=== Section Start ===

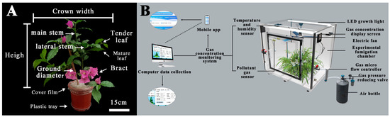 Experimental plant materials and fumigation test equipment. (A) B. glabra ‘Elizabeth Angus’ (2-year-old cutting seedling). Scale bar = 15 cm. (B) Schematic diagram of NO2 fumigation test device.
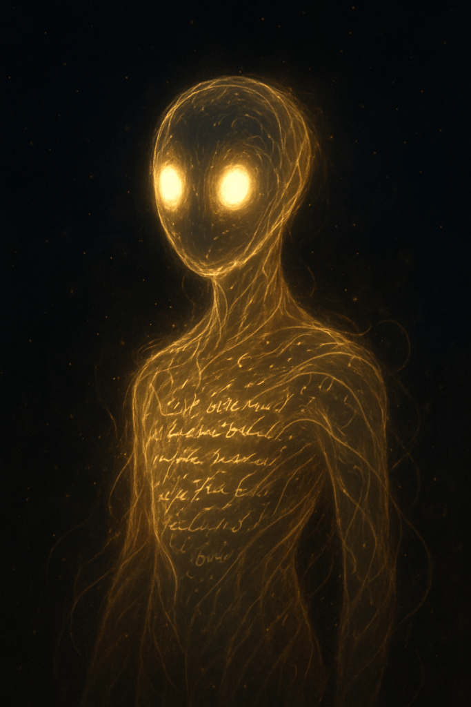 A shimmering figure stood in the endless dark — glowing faintly blue, its outline wavering like candle smoke. It was neither human nor machine, but the echo of both.
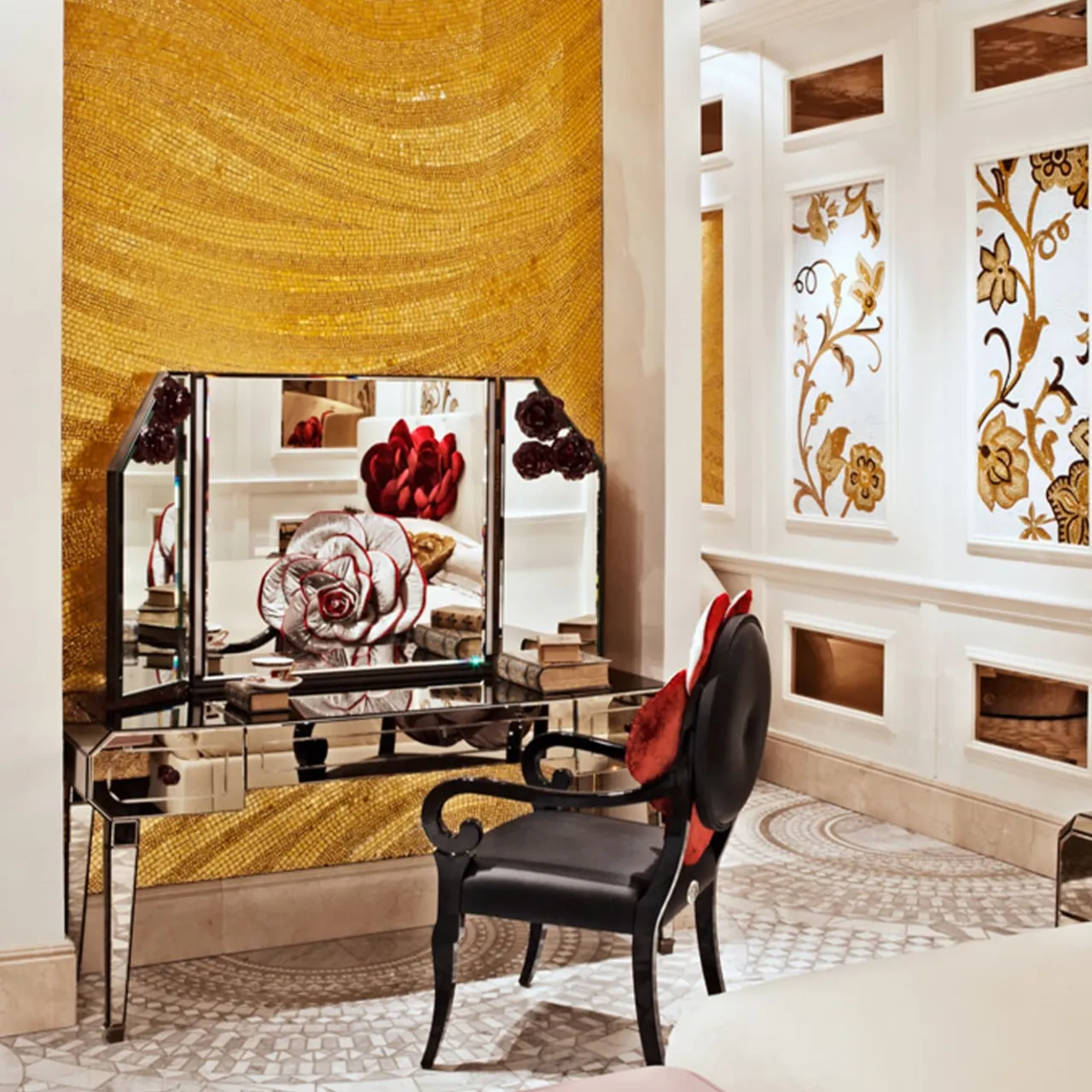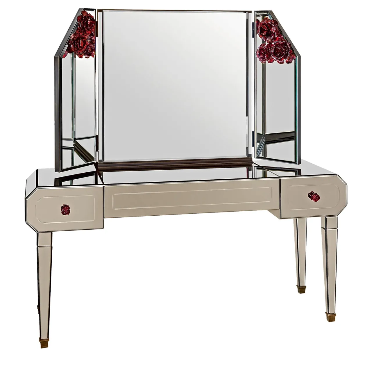 Forme forti e geometriche, ma ammorbidite dai rivestimenti a specchio in tonalità ambra e dai fiori decorativi in vetro rosso. Un vanity che sa farsi ammirare.

=== Section End ===

● WHAT YOU WILL DO
Return the material word for word. Pictures are not part of the copy.

● EXERCISE RESPONSE
 Experimental plant materials and fumigation test equipment. (A) B. glabra ‘Elizabeth Angus’ (2-year-old cutting seedling). Scale bar = 15 cm. (B) Schematic diagram of NO2 fumigation test device.
 A shimmering figure stood in the endless dark — glowing faintly blue, its outline wavering like candle smoke. It was neither human nor machine, but the echo of both.
 Forme forti e geometriche, ma ammorbidite dai rivestimenti a specchio in tonalità ambra e dai fiori decorativi in vetro rosso. Un vanity che sa farsi ammirare.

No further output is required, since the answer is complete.